- [Description of the task]: Retype word for word the stretch of entries below from the line that has "孝感市中心醫(yī)院副院長" through the line that has "Auch der sichere", and omit the pictures.

- [Provided information]:
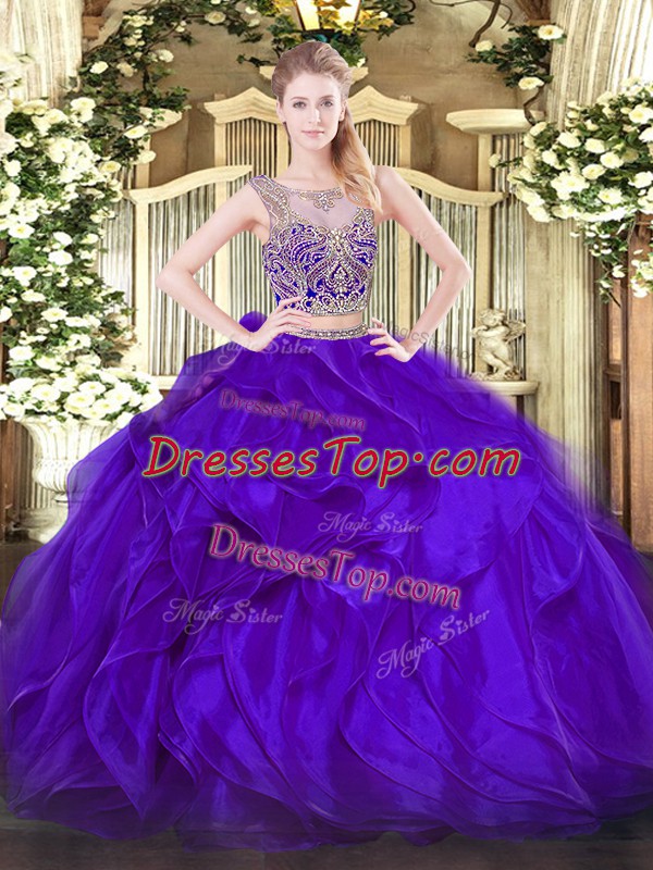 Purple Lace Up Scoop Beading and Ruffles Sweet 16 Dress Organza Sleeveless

...

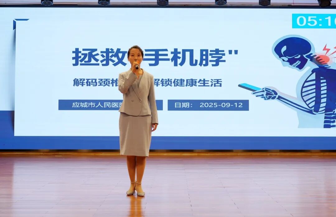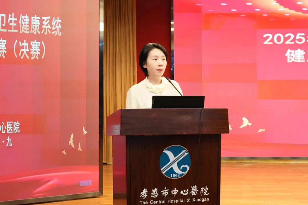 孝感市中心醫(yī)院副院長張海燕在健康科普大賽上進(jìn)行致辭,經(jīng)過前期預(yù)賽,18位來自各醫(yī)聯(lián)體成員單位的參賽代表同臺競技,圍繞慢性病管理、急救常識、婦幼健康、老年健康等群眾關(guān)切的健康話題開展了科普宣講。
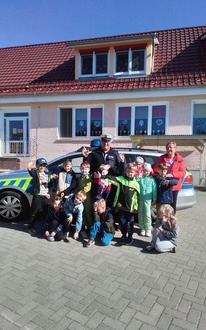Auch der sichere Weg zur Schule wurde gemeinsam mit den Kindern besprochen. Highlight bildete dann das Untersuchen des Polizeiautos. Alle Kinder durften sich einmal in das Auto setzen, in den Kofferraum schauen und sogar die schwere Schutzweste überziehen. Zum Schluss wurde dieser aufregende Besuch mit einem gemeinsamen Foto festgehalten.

- [Solution]:
 孝感市中心醫(yī)院副院長張海燕在健康科普大賽上進(jìn)行致辭,經(jīng)過前期預(yù)賽,18位來自各醫(yī)聯(lián)體成員單位的參賽代表同臺競技,圍繞慢性病管理、急救常識、婦幼健康、老年健康等群眾關(guān)切的健康話題開展了科普宣講。
Auch der sichere Weg zur Schule wurde gemeinsam mit den Kindern besprochen. Highlight bildete dann das Untersuchen des Polizeiautos. Alle Kinder durften sich einmal in das Auto setzen, in den Kofferraum schauen und sogar die schwere Schutzweste überziehen. Zum Schluss wurde dieser aufregende Besuch mit einem gemeinsamen Foto festgehalten.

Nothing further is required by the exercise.